Les agents du service client ne souhaitent pourtant pas passer leur temps à essayer de « masquer les failles » entre des systèmes fragmentés, et préféreraient se concentrer sur les problèmes clients les plus épineux – là où l'assistance humaine est si cruciale. En optant pour un système plus intégré, les agents sont libérés des allers-retours entre les systèmes, des tâches administratives, de la synthèse des notes et de la recherche d’informations entre différents services cloisonnés.
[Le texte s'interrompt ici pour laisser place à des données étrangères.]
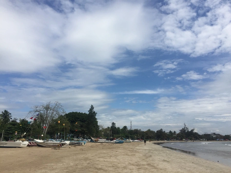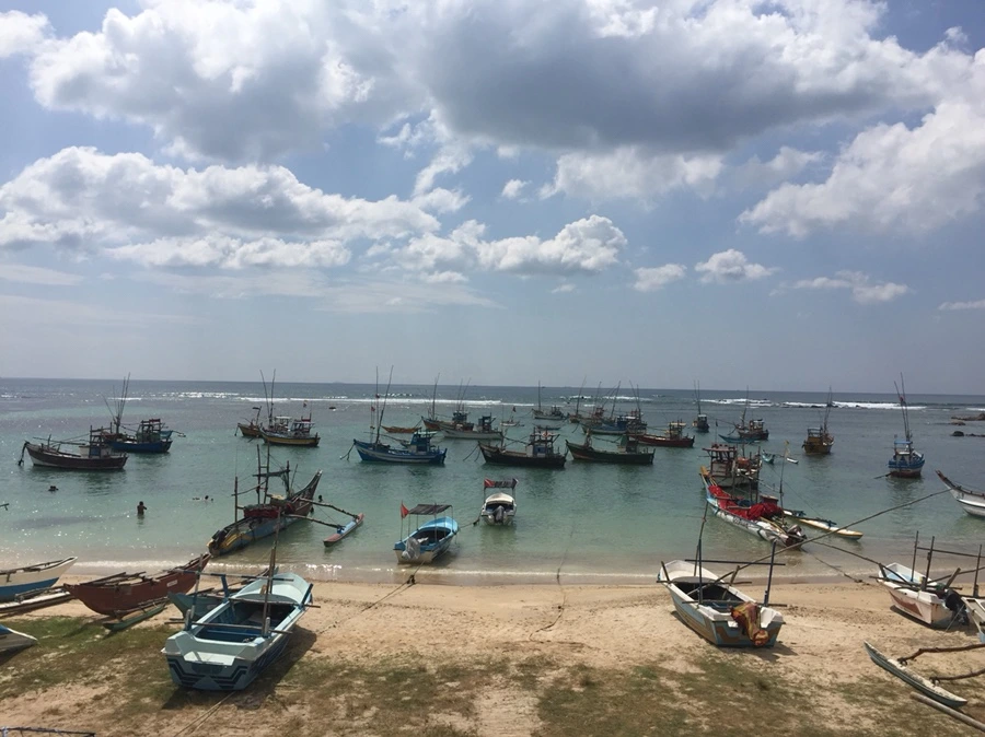 친구들은 아침부터 서핑을 하러가고, 나랑 언니는 fisherman’s bay 에 갔다. 웰리가마에는 우버에 등록된 차량이나 툭툭이 거의 없는 듯 잡히지 않았다. 심지어 타려면 intercity 차량을 타야한다고 뜬다. 어쩔 수 없이 도로로 나가서 툭툭을 잡아 탔다. 250을 주고 갔는데 엄청 큰 대문이 나와서 당황했다. 무슨 리조트인가? 했는데 fisherman’s bay라는 리조트고, 그 해변에 여러 배들이 사용하는 해변이 있는듯. 투숙객이 아니어도 방문 가능했다. 다른 관광지 같았으면 벌써 돈을 받았거나 사람이 많았을텐데 사람도 없고 좋았다. 인구밀도가 높은 곳에 산다는 것은 정말 많은 스트레스를 주는 일이구나 다시 한 번 깨달았다. 어딜 가든 사람에 치이지 않고 한적하게 보낼 수 있다는 것은 정말 좋은 일이다. 이 곳의 바닷물은 정말 깨끗하고 예뻤다. 구름과 하늘도 예뻐서 제주도에 온 것 처럼 행복했다. 왜 이 많은 배들이 이 곳에 둥둥 떠있기만 하거나 모래사장에서 쉬고 있는지는 알 수 없지만 이런 배들을 처음 봐서 신기했다. 배들이 쉬는 곳 같았다.

Plutôt que d’investir sans réfléchir dans l’automatisation, il est essentiel de repenser le CRM comme un moteur connecté qui rassemble les équipes, les données et l’ensemble des processus. 

L'IA donne toute sa mesure lorsque l'infrastructure est bien mise en place 

À ce jour, trop peu d'entreprises ont franchi le pas pour intégrer les données issues de silos en une source unique de vérité. Moins de la moitié des entreprises françaises interrogées l'ont fait et moins d'un quart ont brisé les silos pour permettre la mise en place de stratégies d'IA fluides reliant les différents services de l'entreprise.   

Il est donc essentiel d’opter pour une approche différente qui relie les données entre les environnements cloud, les outils départementaux et les systèmes hérités, offrant ainsi à l'IA une vision complète du client avant qu'elle ne puisse agir. Dans ce modèle, les agents IA n'attendent pas d'intervention humaine : ils peuvent exécuter des tâches de manière autonome, coordonner leurs actions entre les services et fonctionner en continu. C'est bel et bien ici que réside toute la différence entre une IA qui résout un litige de facturation à 2 heures du matin sans intervention humaine, et une IA qui reproduit, mais plus rapidement, la même expérience défaillante que les clients subissent déjà.  

En somme, l'IA pour accélérer des processus défaillants ne suffira donc pas à elle seule. Les dirigeants d'entreprise doivent dès aujourd’hui s'attacher à repenser le CRM comme un système d'action sur l’ensemble des  canaux. Car l’omnicanalité n’échoue pas par manque de technologie, mais par excès de fragmentation Une entreprise qui ne se souvient pas de ses clients ne peut pas les servir.  Seulement les faire attendre.